Lassiter fitted a broomstick inside the shoulders of the robe to open up the garment and spread it out. He tied a short rope to each end of the broomstick, so the rope came out of the ends of the sleeves. He tied a somewhat longer rope to the middle of the short rope where it came out of the robe and secured the other end of the rope to a wall bracket.

Hutto sat with his back to the wall, holding a rifle. Lassiter crouched, testing the knots to make sure they would hold. “That does it, she’s ready to go.”

“Hold on to your hat, because when Red Hand gets a good look, the fur’s going to fly,” Hutto said.

Lassiter rose, sticking the top of his head above the boards nailed over the lower half of the window. The black robe was bunched up in his hands. Holding it over the top of the boards so it was outside, he let it unfurl so that it hung loose and free. The broomstick inside the shoulders spread out the garment so it could be fully and clearly seen for what it was by those outside.

He lowered it by the line attached to the ropes tied to the ends of the broomstick, until it hung five feet below the windowsill.

The black robe hung like a banner out the second floor window, below the clock tower. A ragged black flag, trimmed with buckskin fringe and boldly blazoned with sun, moon, stars, lightning bolts, diagonals, and zigzags, all picked out with yellow, white, and red beadwork.

It stood out in the dawn light shining on the east face of the courthouse.

Lassiter grabbed his hat and rifle. He and Hutto ran for the door, bent almost double. They ducked through the doorway into the hall, peeling off to the sides to put a solid wall between them and the room they had just quit.

The Comanches held their fire while they got a good look at the banner hanging below the clock tower. A banner that until the day before had been the potent medicine shirt of Black Robe, a mighty warrior and one of Red Hand’s inner circle.

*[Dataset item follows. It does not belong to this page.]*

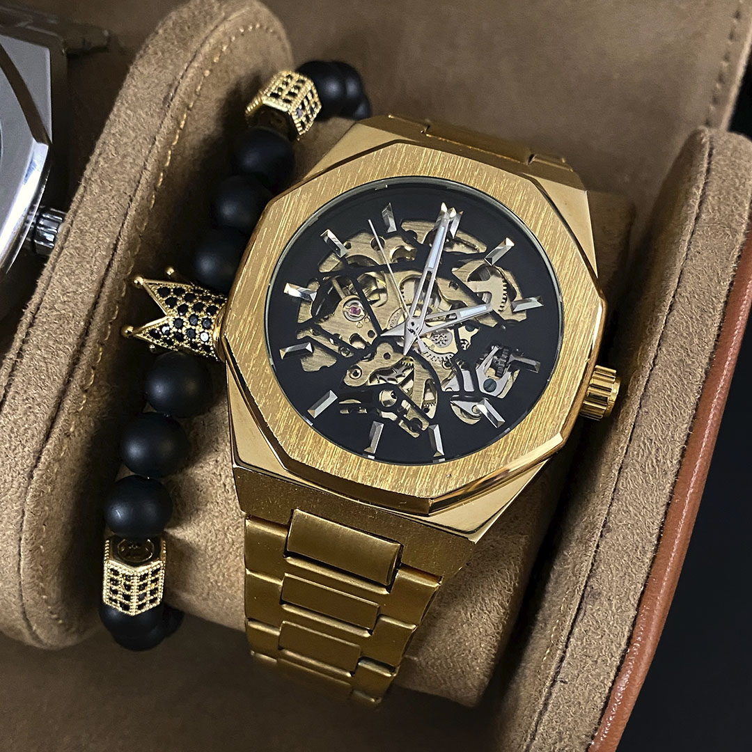 Дана модель годинника Forsining — механічна з автопідзаводом. Перевагою годинника з автопідзаводом є те, що при струшуванні годинника маятник обертається і підзаводит механізм, тому, коли Ви носите годинник на руці і перебуваєте в русі, він додатково підзаводяться.

The display was a way of stealing Black Robe’s power, his magic as the Comanches knew it.

Gunfire popped in the woods east of the courthouse. In a few beats, the shooting sounded like a string of firecrackers going off.

Bullets streamed at the courthouse, ventilating wooden barriers, flattening into leaden smears against brick walls. Rounds pelted the building’s east face, gouging out cratered bullet holes, beating up a cloud of rock shards, mortar dust, and wood chips.

Hutto had passed the word in advance, alerting those in the courthouse to his stratagem so they could take cover before the Comanches loosed the anticipated barrage.

Riflemen among the defenders were on the alert to look for telltale puffs of gun smoke among the thicket of woods to pinpoint the location of concealed enemy shooters.

The defenders returned fire, crackling reports rising and falling in waves. In the room at the top of the clock tower, sharpshooters Pete Zorn and Steve Maitland fired through slatted side windows.

Muzzle flares sparking through hazy gun smoke in the trees of the east wood gave them targets on which to center their gun sights. They squeezed off round after round, gun barrels heating up, turning red.

A large force of Comanches massed in the thicket was the source of much of the enemy’s firepower. But the infiltrators who’d sneaked into town at night were proving to be a more potent and deadly threat. They’d slipped in on foot, alone or by twos and threes, archers and riflemen, taking up positions around the Four Corners.